The sides of a triangle are 2: 4: 5. Find the perimeter of a triangle similar to this one if the sum
The sides of a triangle are 2: 4: 5. Find the perimeter of a triangle similar to this one if the sum of its largest and smallest sides is 21cm.

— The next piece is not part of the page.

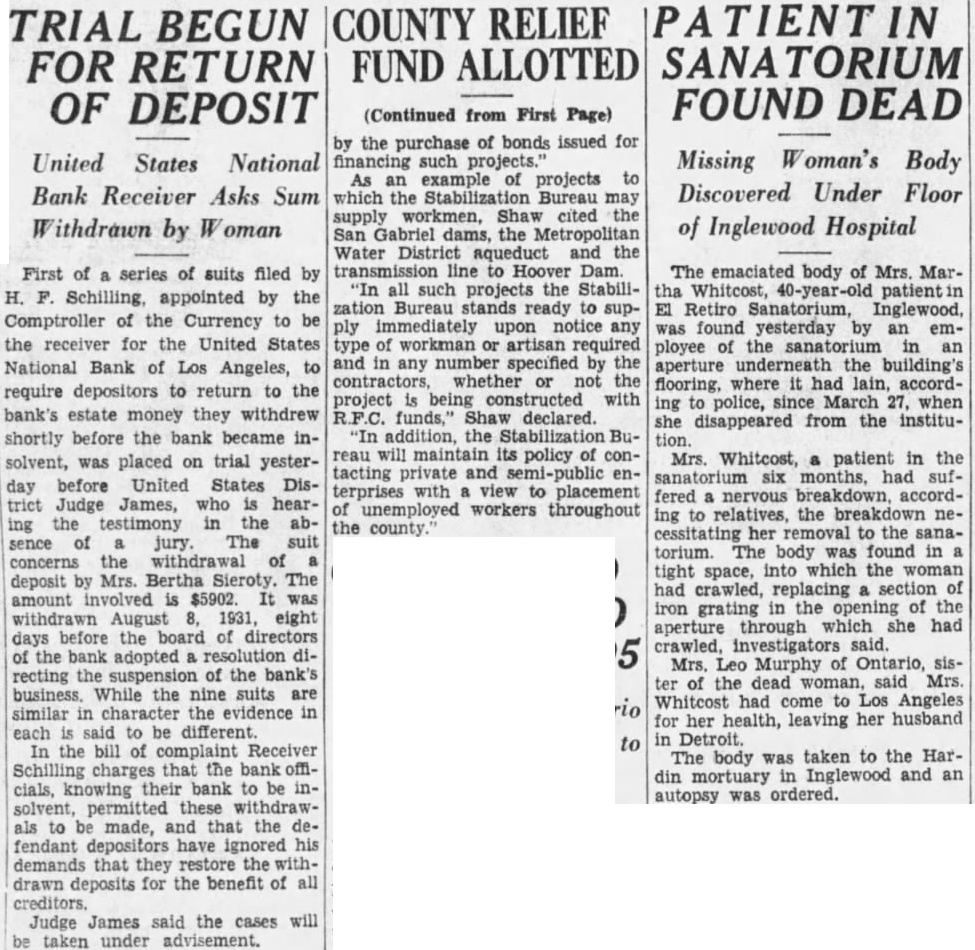 The emaciated body of Mrs. Martha Whitcost, patient Retiro Sanatorium, Inglewood, was found yesterday by an employee of the sanatorium in an aperture underneath the building's flooring, where had lain, according to police, since March 27, when she disappeared from the instituMrs. Whitcost, patient in the sanatorium six months, had suffered nervous breakdown, according to relatives, the breakdown necessitating her removal to the sanatorium. The body was found in tight space, into which the woman had crawled, replacing section of iron grating in the opening of the aperture through which she had crawled, investigators said. Mrs. Murphy of Ontario, sisof the dead woman, said Mrs. Whitcost had come to Los Angeles her health, leaving her husband in Detroit. The body was taken to the Hardin mortuary in Inglewood and an autopsy was ordered.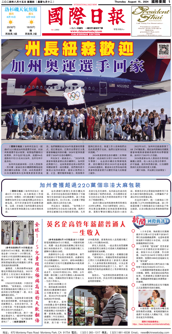 15日國際日報1-國際要聞 发布日期:2024/8/16 来源:國際日報 打印

Triangles ABC And A1B1C1 are similar. Let us assume that the sides ∆ABS are equal:
AB = 2 cm;
BC = 4 cm;
AC = 5 cm.
Since the sum of the largest and smallest sides ∆А1В1С1 is equal to 21 cm, then you need to find the sum of the corresponding sides ∆ABS. Such parties are the parties AB and AC:
AB + AC = 2 + 5 = 7 cm.
Now you can find the coefficient of similarity for these sides:
k = (A1B1 + A1C1) / (AB + AC);
k = 21/7 = 3.
Now we find the sides of the triangle ∆А1В1С1:
A1B1 = AB · k;
В1С1 = ВС · k;
A1C1 = AC · k;
A1B1 = 2 3 = 6 cm;
B1C1 = 4 3 = 12 cm;
A1C1 = 5 3 = 15 cm.
Let’s find the perimeter of the triangle ∆А1В1С1:
PA1B1C1 = A1B1 + B1C1 + A1C1;
PA1B1C1 = 6 + 12 + 15 = 33 cm.
Answer: the perimeter of the triangle ∆А1В1С1 is 33 cm.